Re: Optimizing BIG joins ?

On Thu, 30 Mar 2000, Tom Lane wrote:

> "Ed" <post2menow(at)hotmail(dot)com> writes:
> > Ok, so here is the query, I hope this will give some ideas:
> > select P.Nam, P.Zip, B.Nam, E.Nam, P.WrkStaDtm
> > from PplTab as P, TchTab as T, PplTchTab as PT,
> > EduTab as E, BrnTab as B
> > where P.PpRef = PT.PplRef and P.BrnRef = B.BrnRef
> > and PT.TchRef = T.TchRef
> > and P.PplRef = E.PplRef
> > and P.Nam = Nam and P.Zip = Zip
> > and P.BrnRef = Brn and T.Nam = Tch
> > and E.BrnRef = Edu and P.WrkStaDtm = WrkStaDtm
>
> Seems pretty reasonable.
>
> > What isn't really clear to me is if Postgres, or any DB engine in general is
> > smart enough to take into account the where restriction right from the
> > beginning when perfroming the Join, OR that it first perform the complete
> > join (as I read in some books) and then after recieving the complete
> > temporarly table taking the where restriction into account ??
>
> That book misled you. No database engine is stupid enough to try to
> do things that way, because as you correctly perceive, it'd have to
> generate and then discard a huge number of uninteresting tuples.
>
> The way Postgres does it, which I believe is a pretty standard approach,
> is to join two tables together, then join another table to that result,
> then another, etc.

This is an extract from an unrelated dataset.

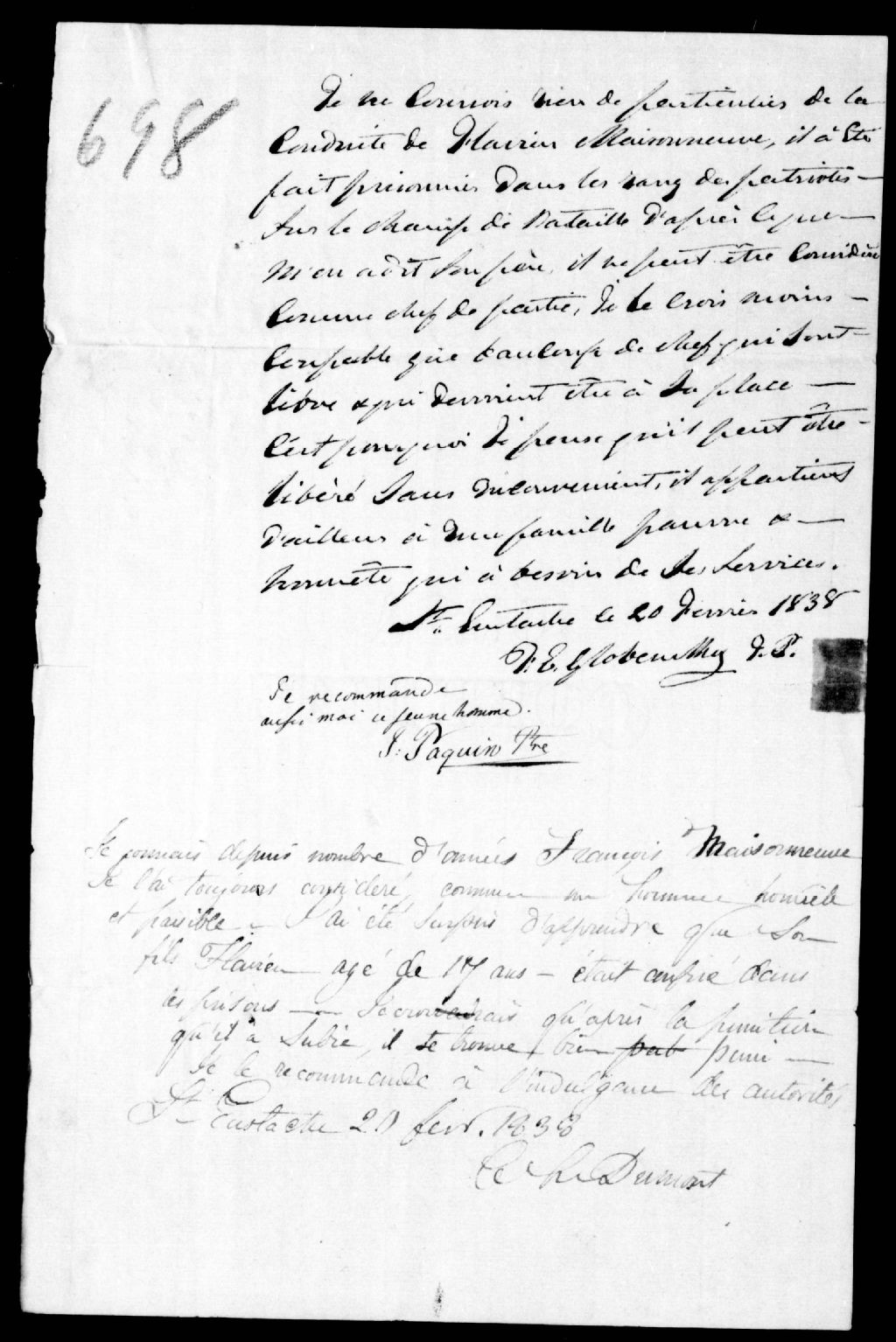 - Certificats de F.-E. Globensky, J. Paquin, prêtre et C.-M. Dumont, en faveur de Flavien Maisonneuve

At each step, a join pair is selected that is
> constrained by one of the available WHERE clauses. So, for example
> we might start by joining tables P and PT using P.PpRef = PT.PplRef.
> Only the tuples satisfying that restriction get generated. So if you
> have 100 tuples in each relation, you don't get 10000 tuples out but
> only maybe 100 or so (depending on what the data is like of course).
> At the next level up, perhaps we join B using P.BrnRef = B.BrnRef,
> and again we are producing ~100 tuples, not 1000000.
>
> BTW this all happens on the fly --- ordinarily, none of the intermediate
> "tables" is actually produced and stored anywhere. What we have is a
> series of filters that work on streams of tuples, so there are only
> a few tuples actually present in the memory of the backend at any
> instant. Even if there is a very large intermediate result, that just
> translates to processing time not space.
>
how do like this? can it be realized in PG in the near future?
(I feel that OO and datawarehouse support are the two next steps
after WAL is done?)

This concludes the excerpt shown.